In lane D (can not cleave itself) I do see a strong band, albeit at a lower MW then expected, but I think it is right.
In lane E I should observe cleaved proteins (5-6) and a few intermediates, instead I get a smear with only one band visible (about 1/3 down from the top)
I ran a 4-20% HEPES gel from Pierce. I use SDS-HEPES buffer. I have treated all samples with 2X beta mercaptoethanol SDS loading buffer, heated at 70C for 10 minutes, and ran for 2 hrs at 30 milliamps. I exposed for 90 minutes (overnight does not show additional bands)
Can anybody explain the smears? I should be seeing bands from 20-60 Kd in lane E (possibly intermediates at higher MW).
I used the TnT Quick Coupled transcription/translation kit from Promega. The lysate is very viscous and is difficult to run on gels. If anybody has experience with the Promega TnT kit, please let me know.

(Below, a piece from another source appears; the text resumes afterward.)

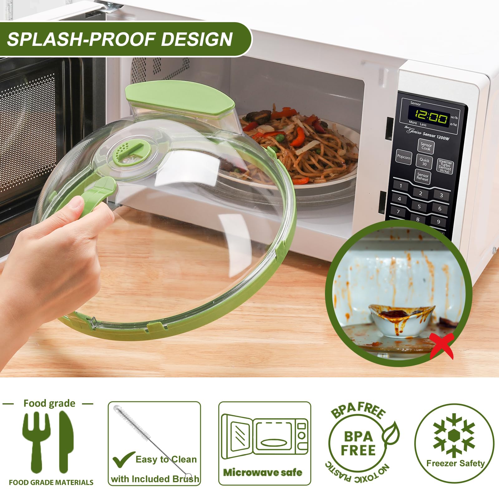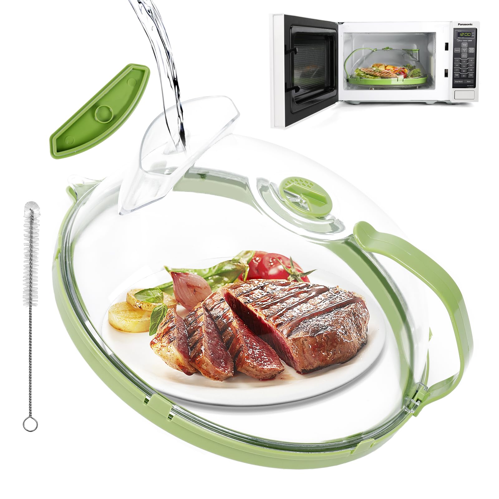 - High-Visibility Polycarbonate - Crafted from clear, long-lasting polycarbonate, this microwave dish cover allows you to keep an eye on your food as it cooks, preventing any overflow or mess. The green diversion ring effectively collects water droplets, keeping your microwave clean.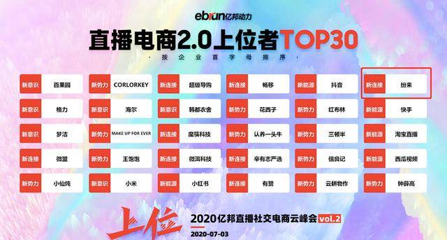 7月3日,纷来联合创始人、供应链负责人王仕江受邀参加在“上位·2020亿邦直播社交电商云峰会”,会上,王总为大家分享了如何用“自零售模式为中腰部从业者打造社交分销网”,同时,纷来上榜“亿邦动力云峰会直播电商2.0上位者TOP30”榜单。

In short, I really need to improve the quality of these gels with better resolution. My constructs have been sequenced and they should be fine for the TnT reaction. There should be one band in lane D, and around 6 bands in lane E. I am hoping the additional smears in lane E contain the desired proteins and I am simply running the gels incorrectly, somehow.
Thanks for any advice.
Edited by HOYAJM, 15 March 2013 - 12:34 PM.